Can't get GPU activities while inject CUPTI to running process

Hi, I’m trying to implement a demo GPU profiler shared library, which can be attached to specified process. The profiler is based on CUPTI and libkineto.
Most implemation of the profiler library refers to code example of Dynamic Attach and Detach. However, in order to attach to running process, I’m using ptrace based code injector, to jnject and execute the profiler library ( via __attribute__((constructor))) to target process, instead of set CUDA_INJECTION64_PATH before the target start.
The problem is, while host side activity(like CUPTI_ACTIVITY_KIND_RUNTIME) works just fine, I can’t get GPU related activities(CUPTI_ACTIVITY_KIND_CONCURRENT_KERNEL, CUPTI_ACTIVITY_KIND_MEMCPY) via this approch. When I turn to CUDA_INJECTION64_PATH with the same code, I can get all activities.
Please kindly clarify a lillte about the principle of CUDA injection, is the injection only allowed while CUDA initialization, or this code inject approch is also feasible?

1 Like

I just noticed that CUPTI initialization is happened in main thread in the attach/detach code sample, but one sperated thread in my implementaion.
Is it required to initialize CUPTI in main thread?
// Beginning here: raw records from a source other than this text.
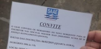 SAAE convida moradores de Novo Horizonte e Alagoinhas IV para inscrições...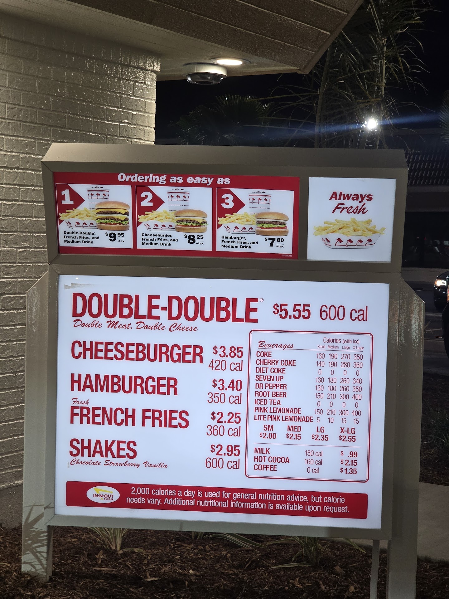 Well, I dined alone, so it's wierd for 1 person to order 4 burgers, that are double doubles lol ....and... parking lot was hella clean. And I'll tellya, to be having like lol 50 cars lined up, and 20 dine in customers, I literally waited 9minutes. NINE.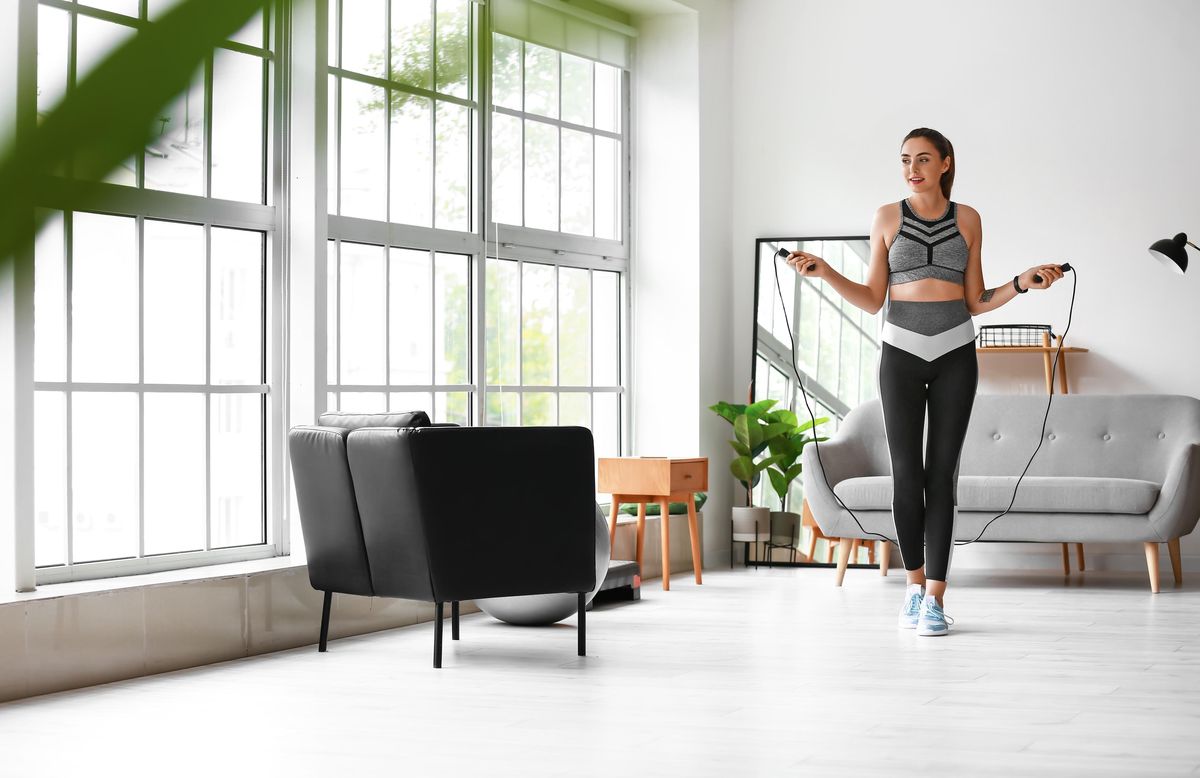 Nejen že skákání rozproudí krev a nastartuje tělo, ale má schopnost vyčistit i hlavu. Když se na něj soustředíte, zapomenete na starosti. Jeho rytmus uklidňuje, začnete vyplavovat endorfiny a za pár minut je vám líp. K náladě přispěje i to, že se nemusíte vypravit někam ven nebo do tělocvičny, kde se bojíte posměšků, ale faldy můžete natřásat doma, za zavřenými dveřmi.

I also tried but encountered some failure while code injection. I’ll update here after the reason found out

Hi, @juju812

Sorry for the late response. Anything we can help now ?

Hi, @veraj

After some analysis with @mjain , we fixed this issue and get CUPTI activities working.

Thank you all for the kindly help!

Thanks for letting me know this ! Anything else need help, please feel free to start another topic, and we’ll do our best to help !

This topic was automatically closed after 21 hours. New replies are no longer allowed.